Wednesday, June 10, 2009

Lessons from Chocolate Chip Cookies

Some of you may remember reading a blog I wrote just over a year ago regarding my first attempt to make chocolate chip cookies here in Brazil during my time as a volunteer at the girls’ house. Basically I struggled to find some of the ingredients and accidentally ended up using yeast rather than baking soda, and it didn’t come out looking anything like normal cookies (but the girls still ate it). Since then I have not been brave enough to try baking much of anything here in Brazil, but this week I decided to give chocolate chip cookies another try as I learned the proper words for all of the ingredients and I wanted to make something special to serve at the 15th birthday party of one of the girls in my group. I still faced the challenge of a gas oven with no temperature gauge and a few improvisations in terms of ingredients, yet by some miracle they turned out absolutely perfect! I still wasn’t sure what the girls would think of them as chocolate chip cookies basically don’t exist here. To my surprise, when the girls tried them, they were shocked that I had made them because they thought they were professionally made. They asked for the recipe and even though I told them I just got it off of the internet, they determined my cooking was good enough that I can get married. (Here in Brazil it is normal to tell a single woman she can get married if her food is good – I like to say the same to single men to single things out a bit.)
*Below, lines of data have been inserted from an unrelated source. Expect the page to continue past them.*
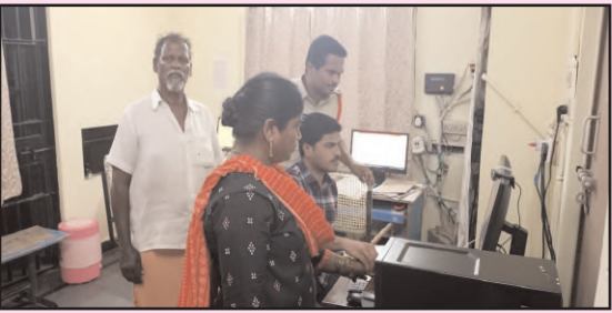
(షణ్ముఖ వెలుగు, పొదిలి, మార్చి 28)

నేర చరిత్ర కలిగిన వారికి పోలీస్ స్టేషన్లో ఎన్ఐఐ వి వేమన శుక్రవారం సాయంత్రం కౌన్సెలింగ్ నిర్వహించారు. భవిష్యత్తులో ఎలాంటి నేరాలకు పాల్పడినా కఠిన చర్యలు తప్పవని ఆయన హెచ్చరించారు. నేర చరిత్ర కలిగిన వారి వేలిముద్రలు తీసుకుని డేటా బేస్ లో నిక్షిప్తం చేసినట్లు ఎన్ఐఐ వేమన తెలిపారు.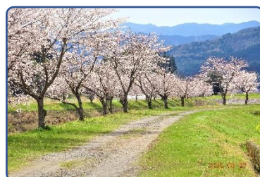
⑮ 大肥川 只今春爛漫②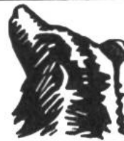
Bär, 50 Jahre.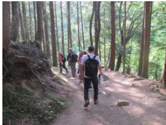
20. まもなくしてロープウェイ駅に到着し、今回の平日ハイクは終わりました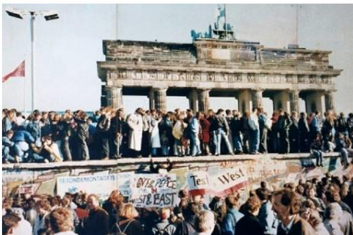
Afbeelding: val Berlijnse muur

'Men kan bewondering hebben voor de veldmedewerkers, de tientallen mannen en vrouwen die -soms jarenlang- belangeloos hun tijd en energie daartoe hebben ingezet. Bewondering ook voor het feit dat men, staven en veldmedewerkers, in staat is geweest de organisatie zo lang geheim te houden.' 68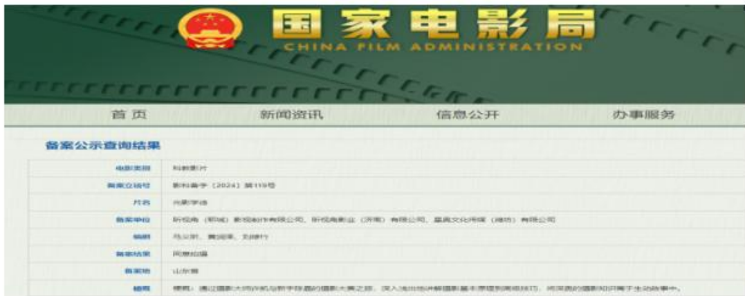
图5 《光影学徒》开机仪式、国家电影局立项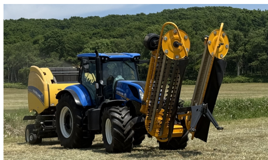
フロント装着時の移動状態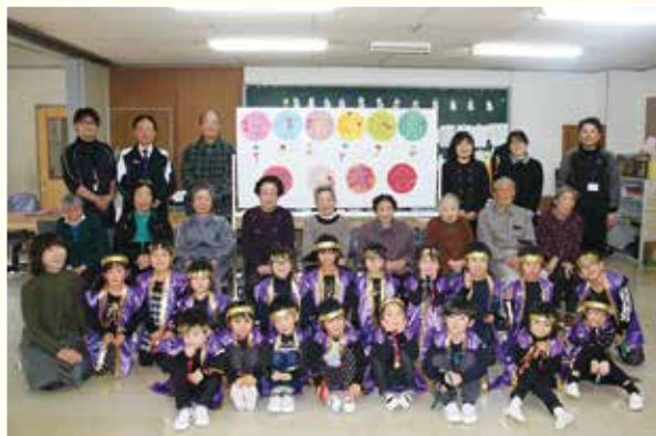
▲Aサービス事業所・三ヶ尻幼稚園交流会

心身機能の低下を予防し充実した生活を送れるように、機能訓練、レクリエーション、創作活動などに取り組む事業で、毎週火曜日に開所しています。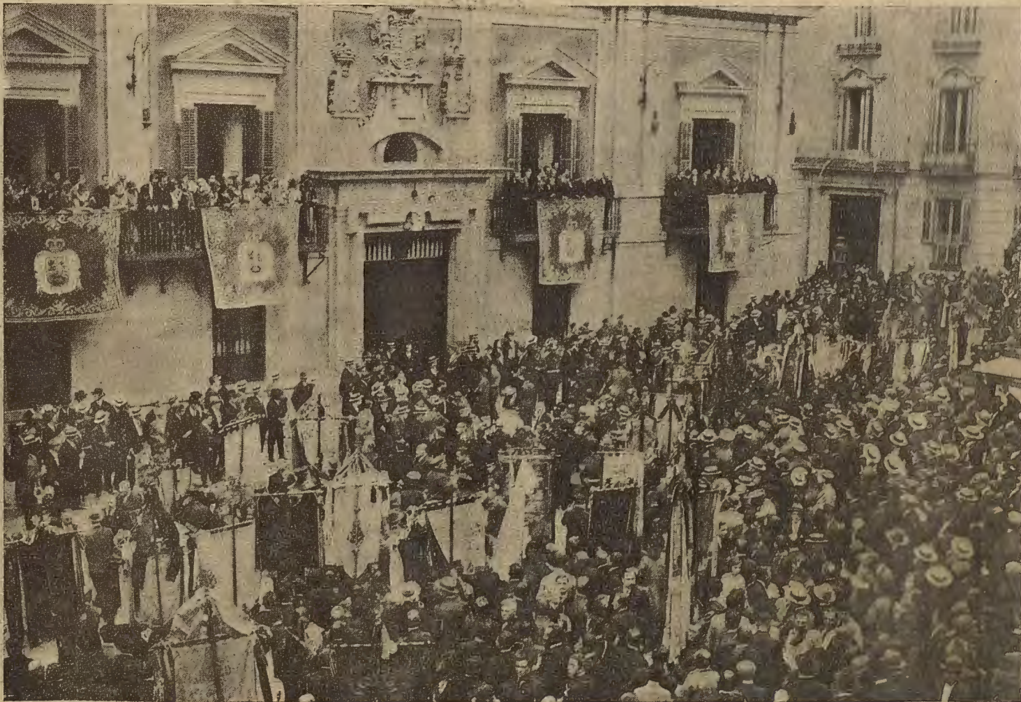
ACERD.—Los coros Clavé, de Cataluña, cantando ante el Ayuntamiento de la Corte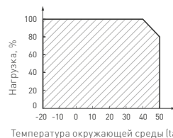
Рис. 3. Максимальная допустимая нагрузка, % от мощности источника.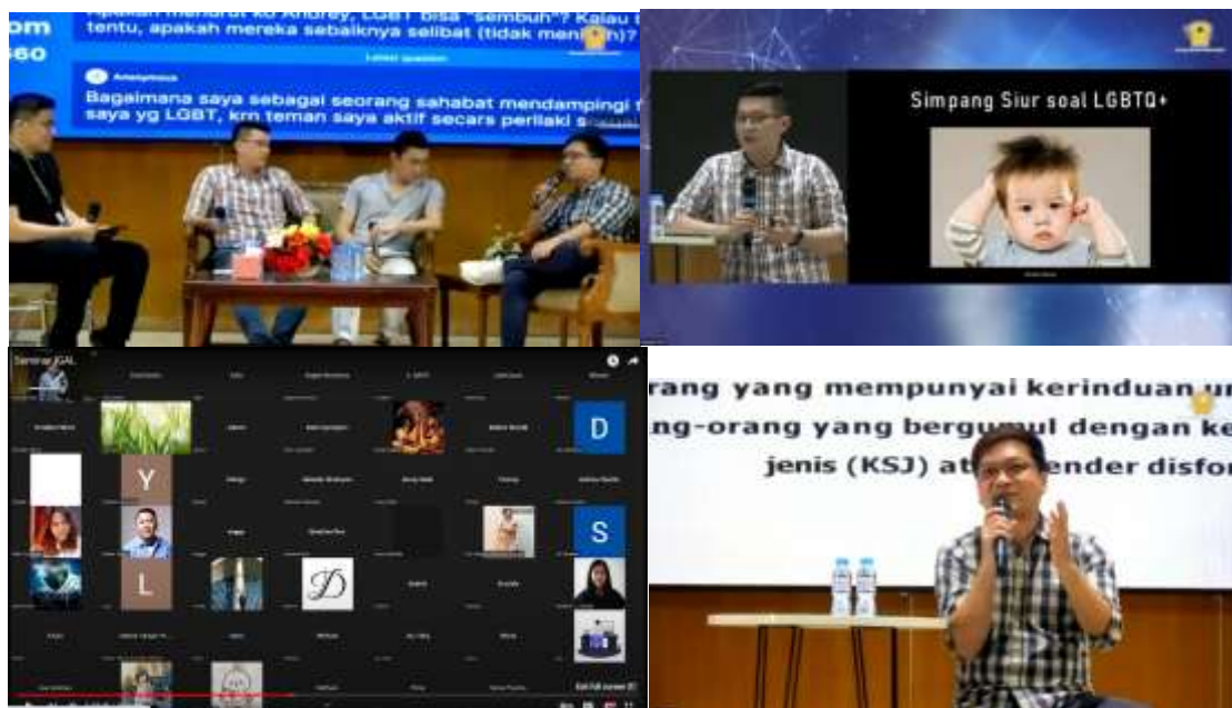
Gambar 1. kegiatan webinar pada tanggal 17 Agustus

Pendidikan karakter dalam keluarganya. Penyampaian materi dilakukan sesuai dengan kemampuan dan masing-masing kelompok usia anak.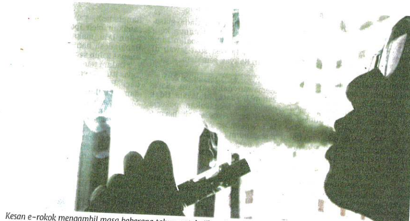
Kesan e-rokok mengambil masa beberapa tahun untuk dikenal pasti.

"Produk NRT ini boleh diperoleh dalam beberapa bentuk antaranya gum yang berfungsi menyerap sebahagian nikotin dan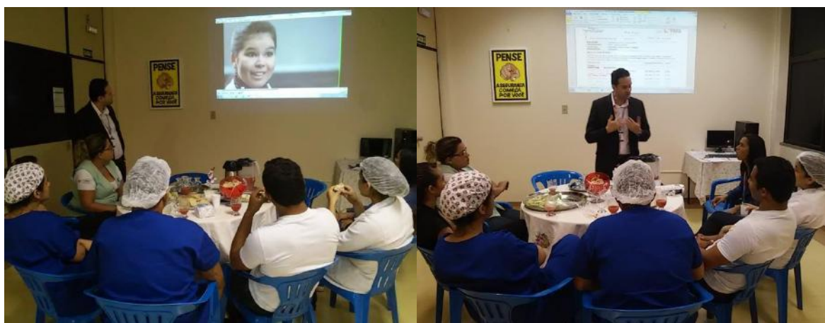
Diretor Executivo e os colaboradores.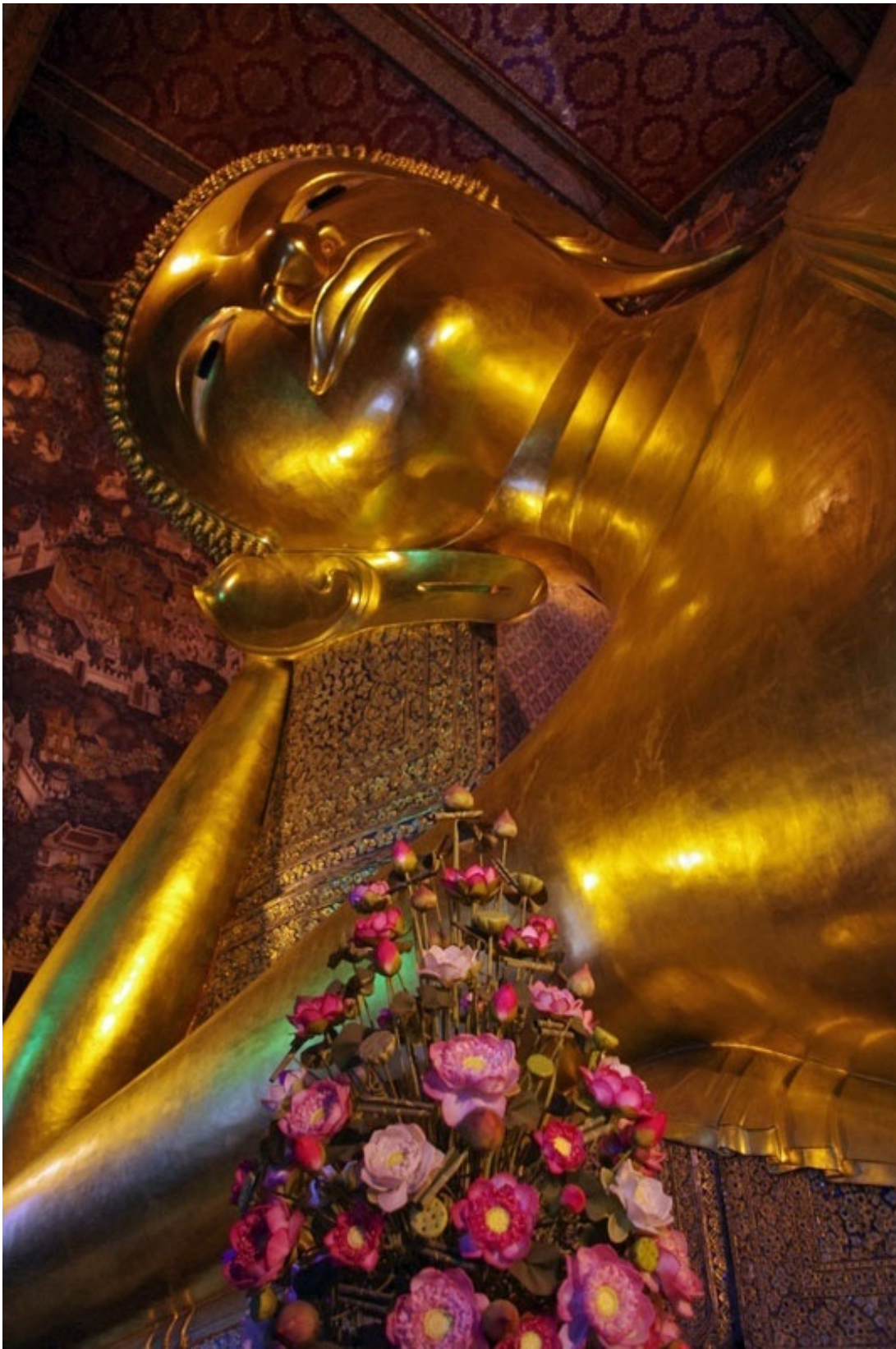
黄金に輝く涅槃仏。全長46メートル、高さは15メートルです。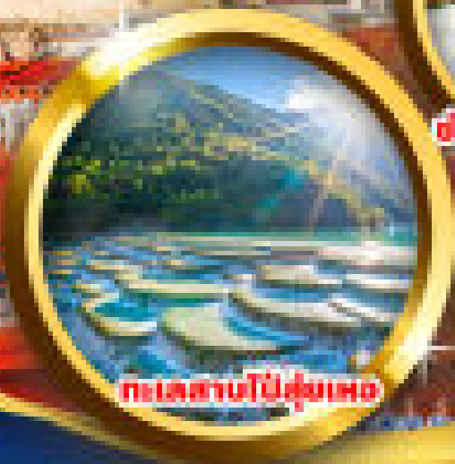
ทะเลสาบป๋าย่่มเหอ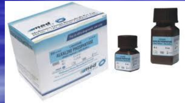
Reagentes para diagnóstico in vitro

Outros: cabelos e roupas usadas para doação internacional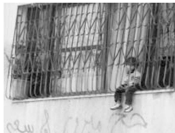
Schnappschuss aus Palästina

After the birthday party was over and the four dozen cookies had been consumed in a matter of minutes, God used this experience to speak to me about my own progress since first arriving here in Brazil. When I first got here, I didn’t know hardly anything about the language, how to find my way around the city, where to buy things, how to cook, clean, and use appliances, etc. But after a year, this is really my home now. I know how to get around the city without getting lost (most of the time!), I know how to speak the language well, I know how to use so many things that were very foreign to me at first. Something that I failed at a year ago, I not only succeeded but excelled at now! Although there are still challenges with living here and navigating in a foreign culture, I have come a really long way in the past year and am now capable of mastering things I was completely clueless regarding before.